## [Work task]
Please write out the lines of the data exactly, beginning with the first and ending with the line containing "Завязь винограда на фоне листьев"; leave the pictures behind.

Data: Begin

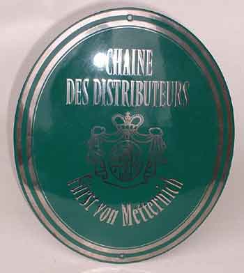 Fürst von Metternicht Sekt gewölbtes Emailschild, 30 x 25 cm, Chaine des Distributeurs Zustand 1 90 Euro |
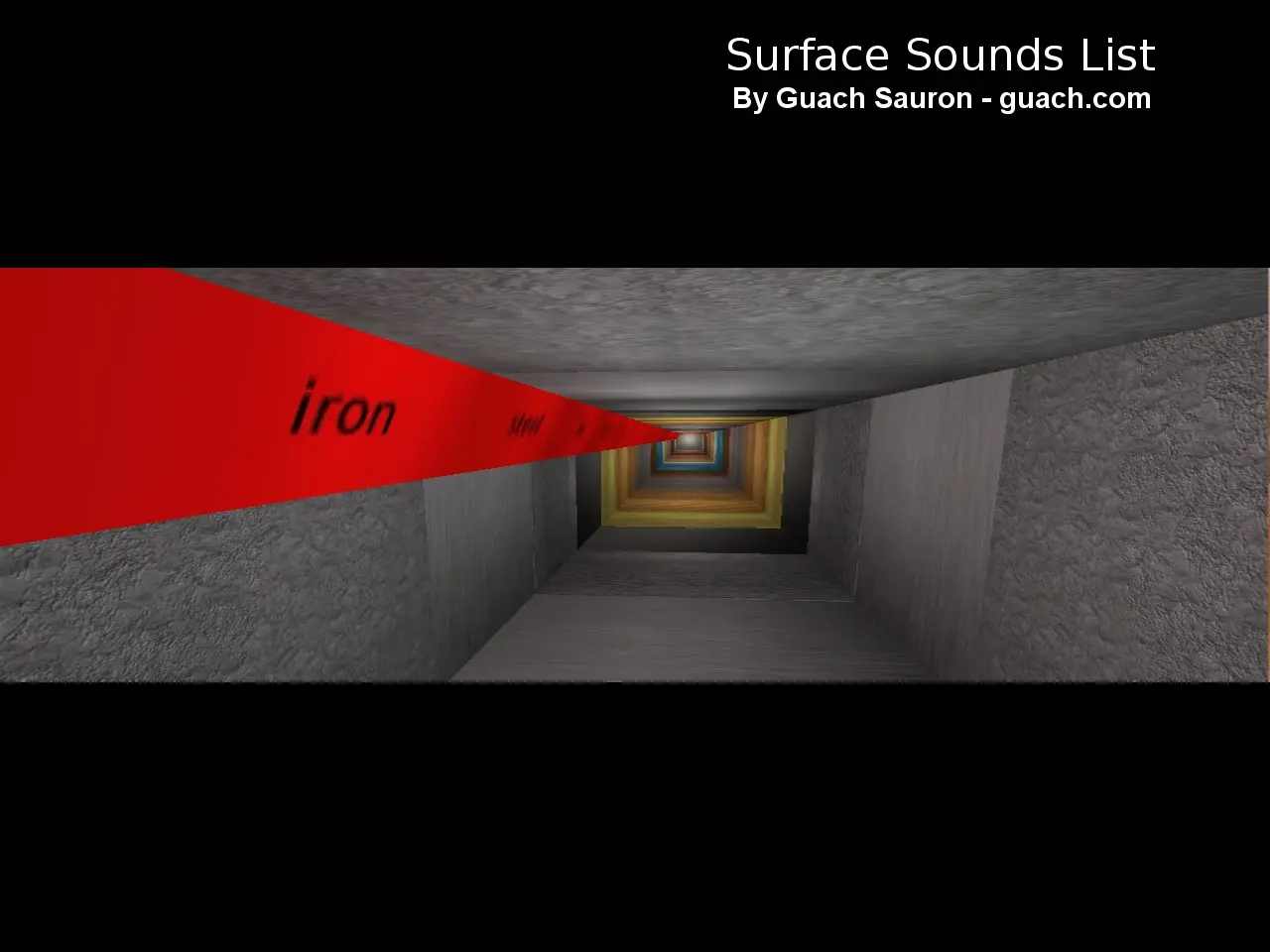 Este mapa no es para jugar, es para probar los surface sound, y ayudar al mapeador a elegir los que va a utilizar en su mapa.
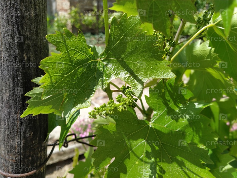 Завязь винограда на фоне листьев
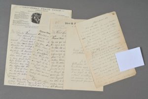 Alfred Henry LOVE (Philadelphie 1830-1913), pacifiste américain, fondateur de l'Universal Peace Union. 2 lettres autographes signées à Charles Lemonnier (1806-1891), militant pacifiste et saint-simonien, président de la Ligue Internationale de la Paix et de la Liberté. 4 pp. in-8 et 2 pp. in-4. L'une à en-tête et vignette de l'Universal Peace Union. Philadelphie, mars-avril 1881. Sur leur action commune pour une paix éternelle entre les États-Unis et la France. Il vient de recevoir l'appui du président Hayes [président des États-Unis de 1877 à 1881] qui a bien voulu signer sa pétition. « Now, my dear friend, you must lose no time in getting minister Noyes to act for the 4d of March President Garfield was inaugurated and he has appointed Levi P. Morton minister to France. We expect he will aid us as much as President Hayes, but do hard minister Noyes complete the glory of his mission by at least, laying the foundation of an agreement to arbitrate any & all difficulties that out two Republics cannot settle amicably and never to go to war each other, no matter what the provocation may be. We all admire and honor you for your interest & great energy […]. I want to answer the questions put to me, by showing that you, with our aid, and that of the Hayes administration have really done some good. Thank minister Noyes for me & beg of him to make one last, bold and sure act for Peace. The association for the Reform & Codification of the Law of Nations will meet in Cologne august 16th 1881. I am one of the officers of the International Code Commettee which acts with this association. I cannot attend. Will you as our vice President represent the Universal Peace Union and speak for us the word of Disarmament and arbitration? Implore them to begin this work. Our annual meeting of the Universal Peace Union will be held either in may or June. Please write and have your society write a letter to us. We are greatly encouraged here & hope you are […] ». Marie et Amand Goegg seront présents à leur meeting. Il disserte longuement sur Theodore Stanton et sa famille. On joint : brouillon de réponse de Charles Lemonnier à Alfred H. Love (3 pp. ½ in-8, Genève 12 mai 1881), accompagné de la traduction de la lettre du président Hayes à Edward F. Noyes, ministre plénipotentiaire à Paris, introduisant Charles Lemonnier « qui s'occupe d'un projet de tribunal international d'arbitrage, et qui est convaincu qu'un certain arrangement permanent peut intervenir entre les États-Unis et la France, et ouvrir ainsi la route à d'autres nations qui s'uniraient pour la même fin ».

Data: End

## [Task response]
 Fürst von Metternicht Sekt gewölbtes Emailschild, 30 x 25 cm, Chaine des Distributeurs Zustand 1 90 Euro |
 Este mapa no es para jugar, es para probar los surface sound, y ayudar al mapeador a elegir los que va a utilizar en su mapa.
 Завязь винограда на фоне листьев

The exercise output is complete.